Begin februari opende aan de Walenburgerweg 33 een noodopvanglocatie haar deuren voor 35 alleenstaande minderjarige vreemdelingen. De Wijkkrant ging naar de open dag voor omwonenden en sprak met Gesrow, de locatiemanager en ervaringsdeskundige.

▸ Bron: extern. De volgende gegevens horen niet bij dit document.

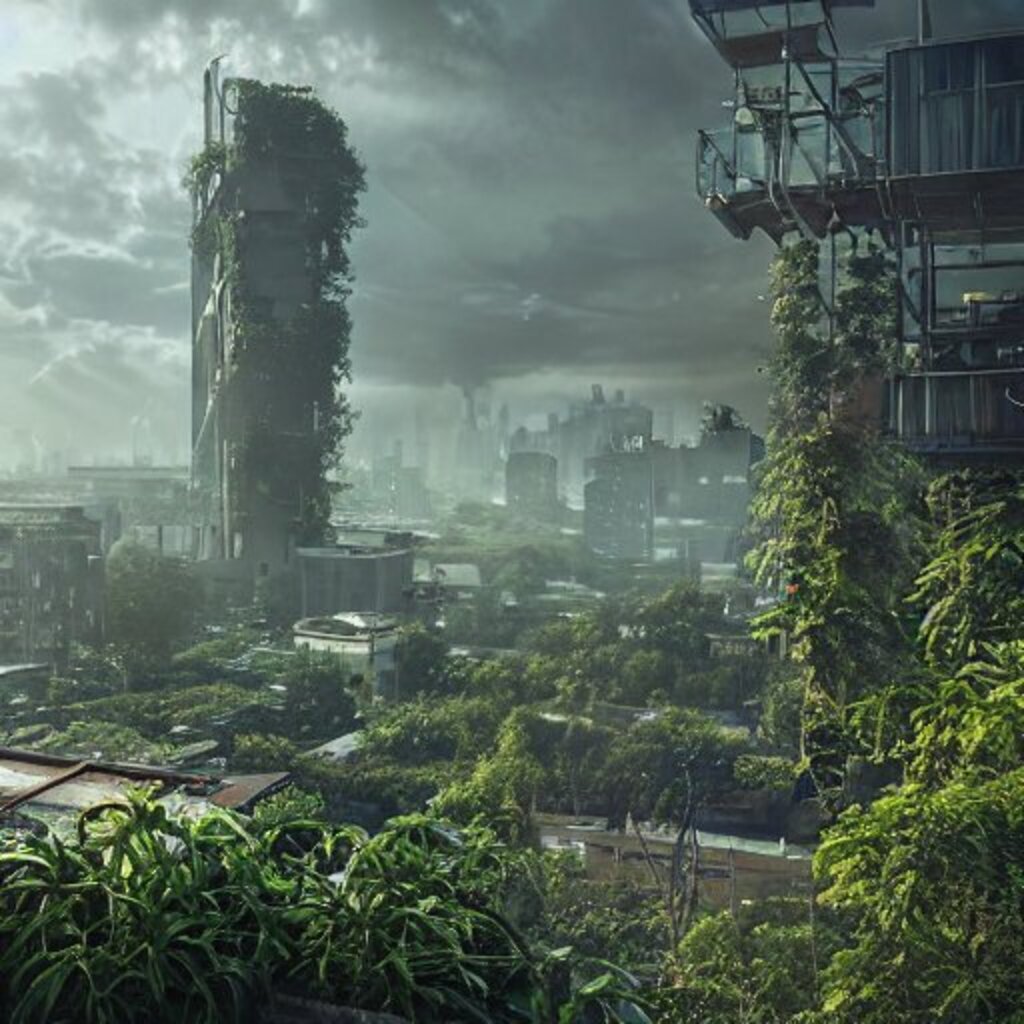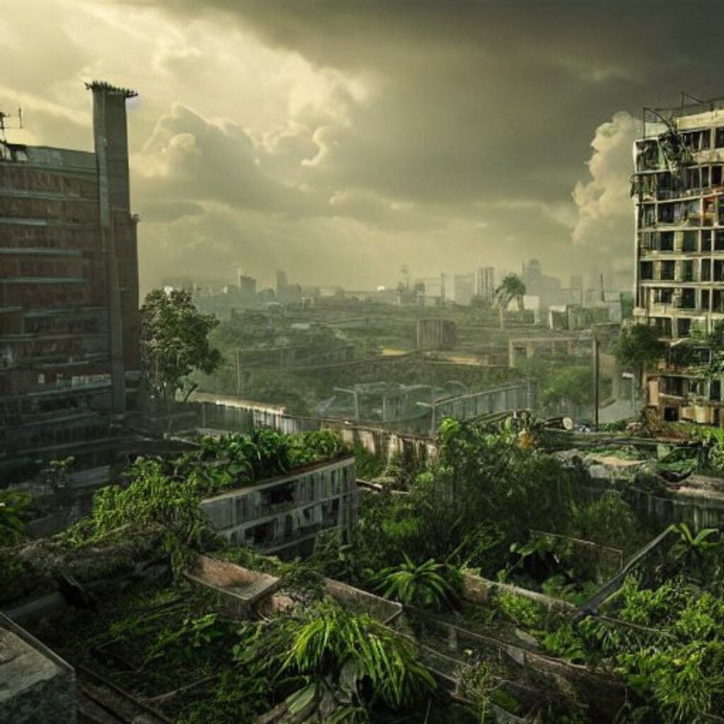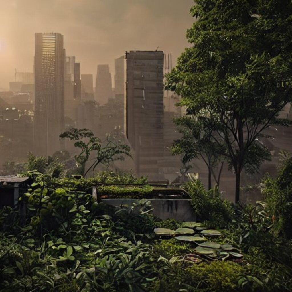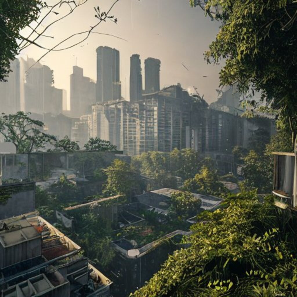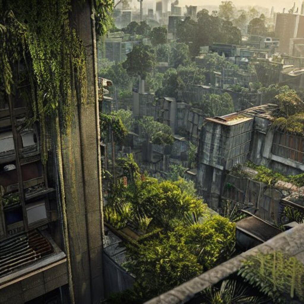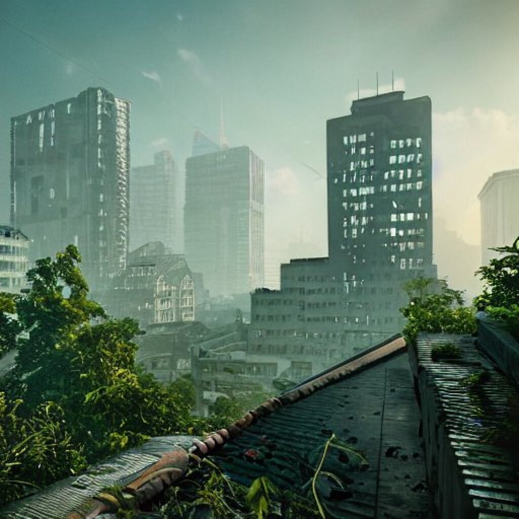 watching down from a rooftop to the overgrown abandoned ruins of mega city, toxic air, green sunset, green plant and trees, corona render, matte painting, god rays volume light, 4k, hyperrealistic, focused, 8 k, high details, unreal engine 5, cinematic, masterpiece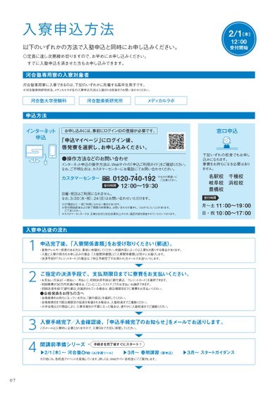 入寮申込方法以下のいずれかの方法で入塾申込と同時にお申し込みください。◎定員に達し次第締め切りますので、お早めにお申し込みください。すでに入塾申込を済ませた方もお申し込みできます。河合塾専用寮の入寮対象者河合塾専用寮に入寮できるのは、下記のいずれかに所属する高卒生男子です。※河合塾美術研究所生、メディカルラボ生の入寮申込方法は入塾される校舎までお問い合わせください。河合塾大学受験科河合塾美術研究所メディカルラボ申込方法インターネット申込お申し込みには、事前にログインIDの登録が必要です。「申込マイページ」にログイン後、啓発寮を選択し、お申し込みください。●操作方法などのお問い合わせインターネット申込の操作方法は、Webサイトの「申込ご利用ガイド」をご確認ください。なお、ご不明な点は、カスタマーセンターにお電話にてお問い合わせください。・・0120-740-19212:00~19:30受付時間カスタマーセンターⓇ※おかけ間違いにご注意ください。日曜・祝日はご利用になれません。なお、3/20(水・祝)、24(日)はお問い合わせいただけます。※ⅠP電話など、一部ご利用になれない場合があります。※受付開始直後および終了間際の時間帯は、お問い合わせが集中し、つながりにくいことがあります。ご了承ください。※カスタマーセンターでは、正確な応対と対応品質向上のため、通話内容を録音させていただいております。2/1(木)12:00受付開始窓口申込下記いずれの校舎でもお申し込みになれます。寮費をお持ちになる必要はありません。名駅校千種校岐阜校浜松校豊橋校受付時間月~土11:00~19:00日・祝10:00~17:00入寮申込後の流れ1申込完了後、「入寮関係書類」をお受け取りください(郵送)。・食物アレルギー疾患のある方は、事前に申請をしてください。申請内容によっては入寮をお断りする場合があります。・入塾と入寮の両方をお申し込みの場合、入塾関係書類」と「入寮関係書類」は別々にお届けします。・決済手段が「クレジットカード」の場合は、申込手続完了のお知らせ」をメールでお送りいたします。ご指定の決済手段で、支払期限日までに寮費をお支払いください。2・お支払い方法は「一括払い/月払い」、初回決済手段は「銀行振込/クレジットカード」を選択できます。・初回寮費が30万円未満の場合は、コンビニエンスストア」でのお支払いも選択できます。・初回決済手段で「銀行振込」を選択されている場合は、振込期限日までに寮費をお支払いください。●合格発表をお待ちの方へ・合格発表をお待ちになっている方は、銀行振込」を選択してください。・合格発表日まで振込期限日の延長を希望される場合は、入塾校舎までご連絡ください。・大学合格などの理由により、入寮手続きが不要になった場合は、速やかに入塾校舎までご連絡ください。このメールは入寮時に必要となりますので、入寮日まで大切に保管してください。3入寮手続完了/入金確認後、「申込手続完了のお知らせ」をメールでお送りします。4開講前準備シリーズ▶2/1(木)~河合塾One(AⅠ学習ツール)▶3月~春期講習(要申込)▶3月~スタートガイダンス手続きを完了後すぐにスタート!その他にも、各校舎でイベントを実施しています。詳しくは、Webサイト・各校舎にてご案内します。07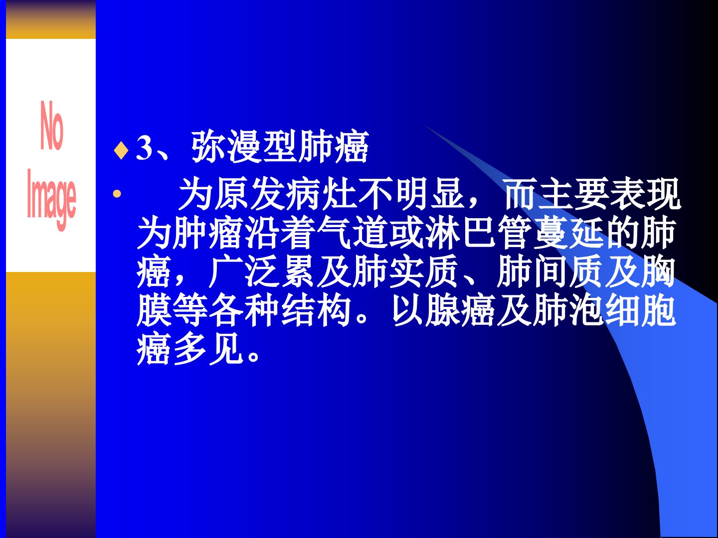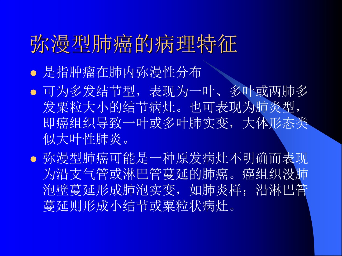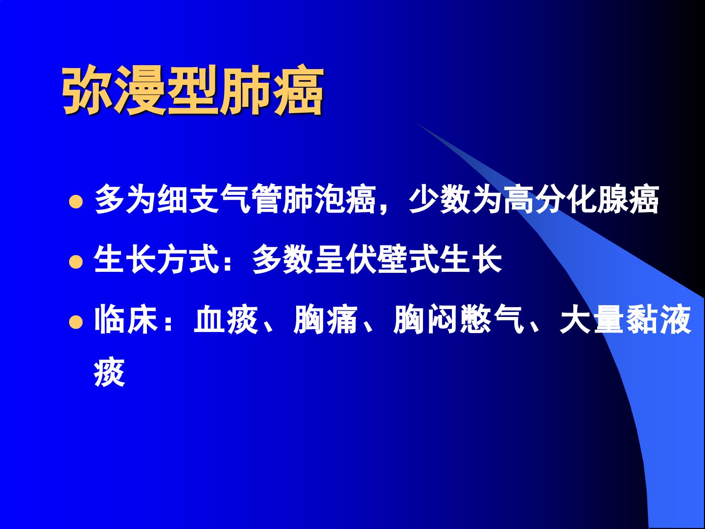 弥漫型肺癌原发病灶不明显主要表现为肿瘤沿气道或淋巴管蔓延广泛累及肺实质、肺间质及胸膜等结构以腺癌及肺泡细胞癌多见多为细支气管肺泡癌少数为高分化腺癌多呈伏壁式生长。临床表现为血痰、胸痛、胸闷憋气、大量黏液痰等肿瘤在肺内弥漫性分布可为多发结节型表现为一叶、多叶或两肺多发粟粒大小结节病灶也可表现为肺炎型。X线表现多样可为双肺广泛性网状阴影及粟粒或小结节状阴影常有肺门及纵隔淋巴结增大同时有胸膜增厚或胸腔积液。细支气管肺泡癌属腺癌为周围型特殊类型X线表现有孤立肿块型、肺炎型、弥散型。特殊征象有枯枝征、CT“血管造影征”等。诊断需结合临床表现及平片、CT和MRI所见特殊病例需结合镜检和活检。肺癌合并空洞时需与结核空洞等鉴别。
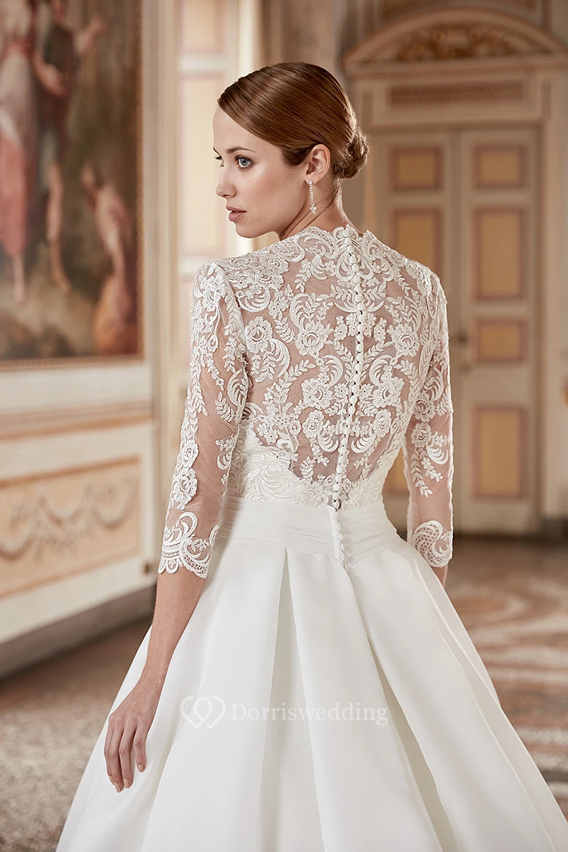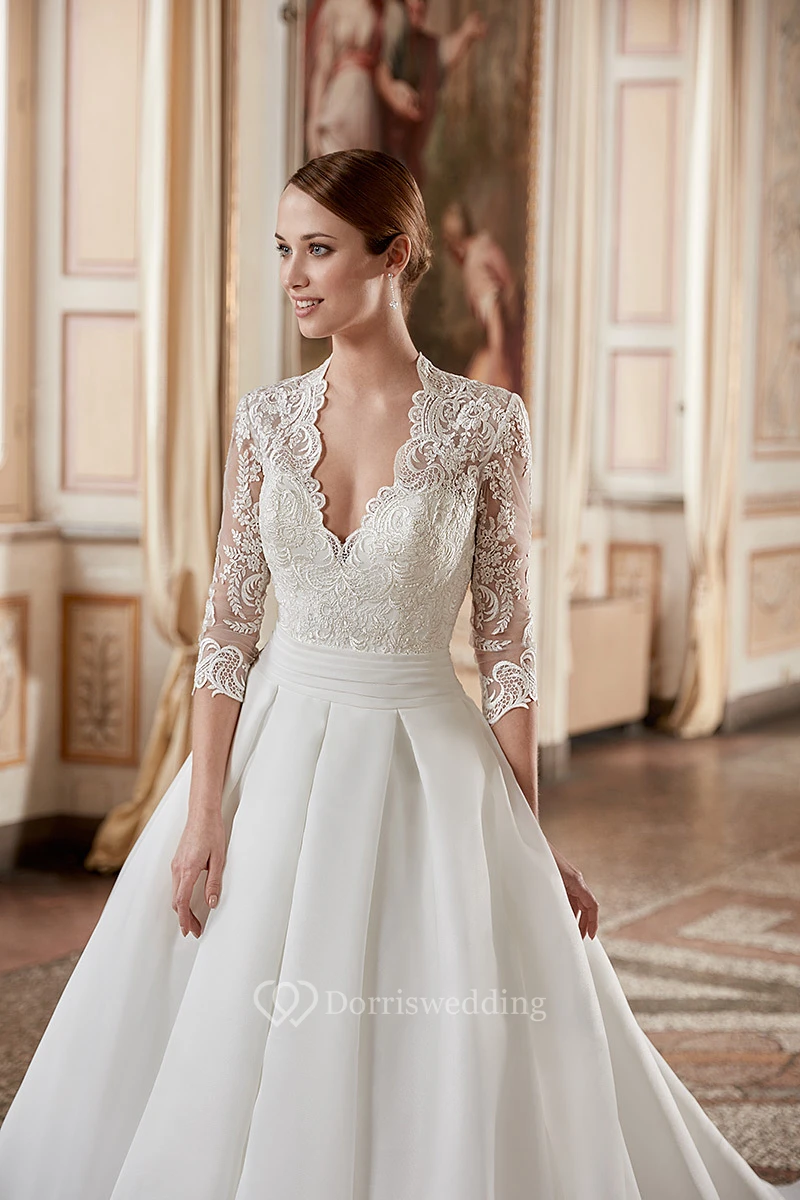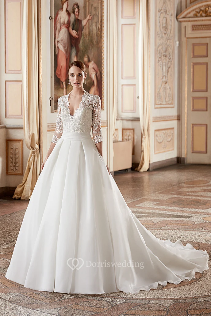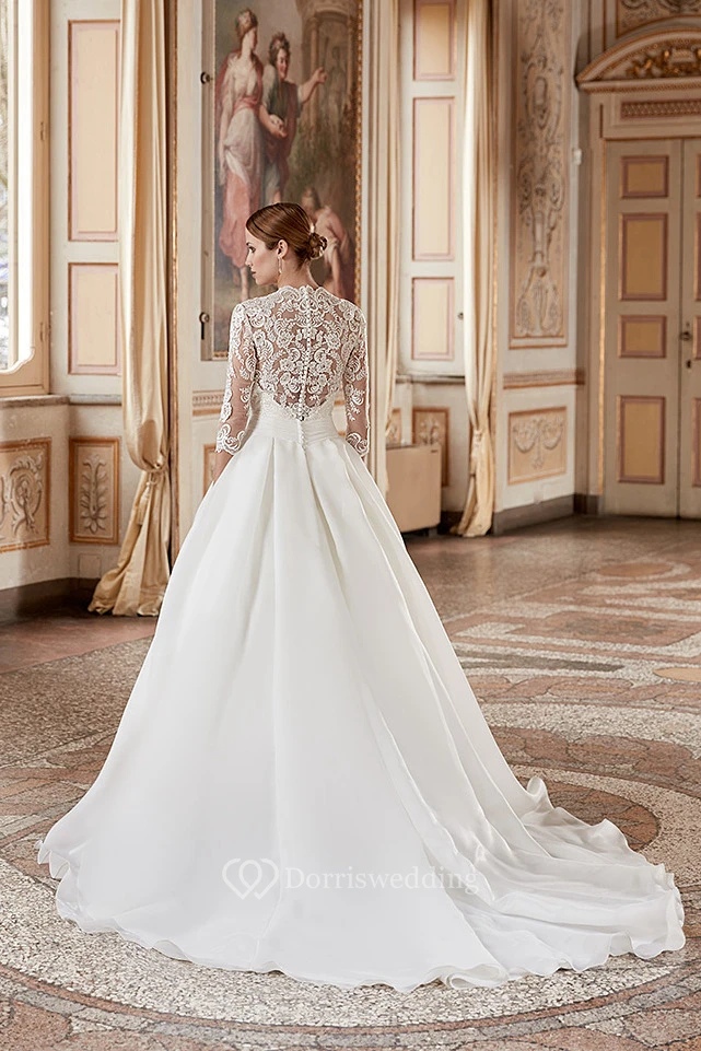 Ball Gown V-Neck 3-4-Sleeve Organza Wedding Dress With Illusion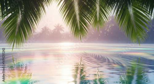 Tropical Oasis Reflection: Serene coastal scene, a shimmering sea beneath a lush canopy of tropical foliage, a tranquil moment where the vibrant colors blend, creating a picturesque paradise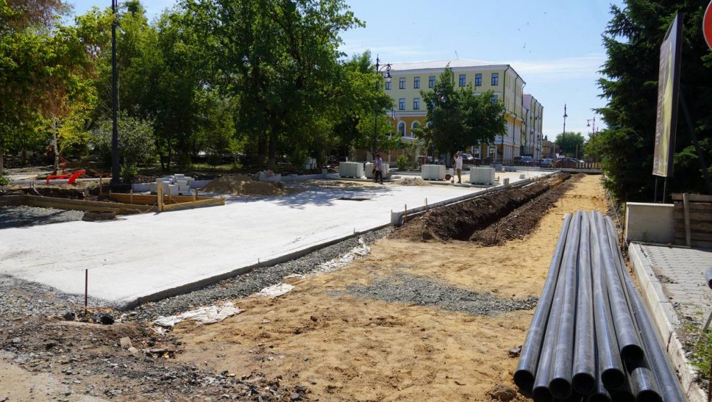 Уже демонтировали старое плиточное покрытие, пешеходные дорожки, начали работы по обустройству нового покрытия. По проекту будут установлены малые архитектурные формы и фонтан, высажены новые деревья, — написал Альберт Юмадилов в своем телеграм-канале.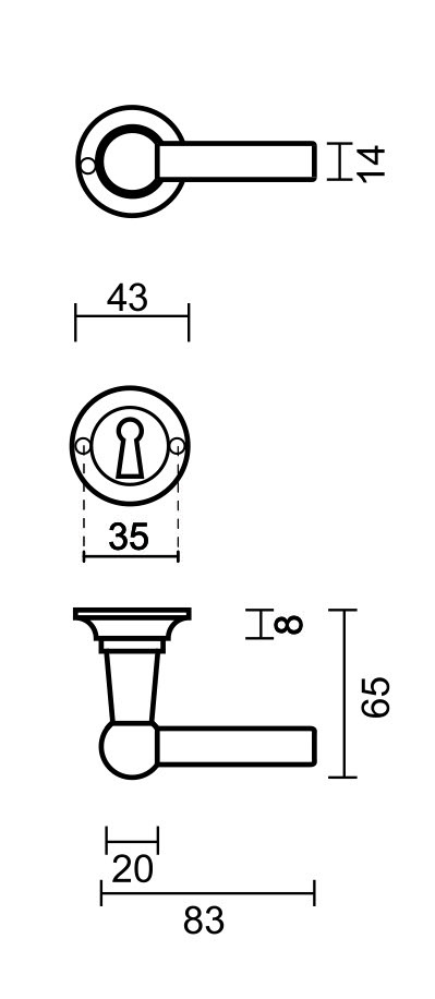 These door handles are available in 4 versions: without key plates, with key plates, with cylinder plates and with WC set. Make your choice in the scroll menu at the top right .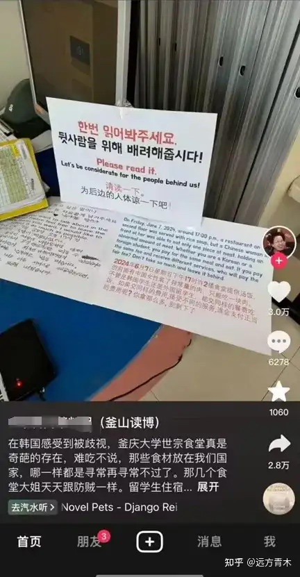这几天有个在韩国釜山大学读书的女生吐槽自己被歧视,因为大学食堂直接用韩文英文和中文公开通知,要求2024年6月7日在食堂私自多拿了肉吃的中国女生以后注意,每顿晚餐只准拿一块肉,所有学生都一样,禁止多拿。

“Ik ben zelf met mijn ouders vanuit Afghanistan naar Nederland gevlucht. In Nederland heb ik rechten gestudeerd en 7 jaar als advocaat in Amsterdam gewerkt. Samen met twee andere ervaringsdeskundigen en ons team hebben we deze noodopvanglocatie tot een fijne plek voor jongeren gemaakt. Deze jongeren zijn zonder ouders naar Nederland gevlucht. Naast school is er hier dagbesteding, een PlayStation en een aantal computers met wifi. Er zijn twee-, drie- en vierpersoonskamers met voor iedereen een locker, twee huiskamers, meerdere douches en toiletten.”
Vrienden worden
“Deze locatie is de eerste landlocatie in Rotterdam, de andere AZC’s in Rotterdam zijn op schepen. We hebben gevraagd om jongeren tussen de 15 en 16 jaar, zij kunnen langere tijd bij ons verblijven en samen een band opbouwen. Met 17 jaar en zes maanden stromen ze door naar een regulier AZC. Deze locatie heeft het COA samen met Zorg & Perspectief opgezet. De jongeren worden getest om te zien welk onderwijs voor hen geschikt is, want ze zijn in Nederland leerplichtig. Een gedragswetenschapper maakt een begeleidingsplan, wat hebben ze meegemaakt, wat hebben ze nodig?”
Veilige plek
“Twee keer per week gaan we zaalvoetballen en twee keer is er een andere vorm van dagbesteding die georganiseerd wordt door Netwerk Nieuw Rotterdam. De eerste vier tot zes weken, als de jongeren worden aangemeld op de verschillende scholen, krijgen de jongeren Nederlandse les in een lokaal hier in de opvang. Stichting NIDOS regelt de voogden, die met ze meegaan naar verschillende gesprekken. Er is hier in huis 24-uurs begeleiding en toezicht. De jongeren kunnen een band opbouwen met de wijk en hopelijk iets terug doen voor de wijk waar ze welkom worden geheten, we willen niet dat ze doelloos gaan hangen. We hopen dat de jongeren zich zelfstandig genoeg ontwikkelen om zich hier staande te houden en proberen geen internaat te zijn, maar een veilige plek waar ze zich thuis voelen.”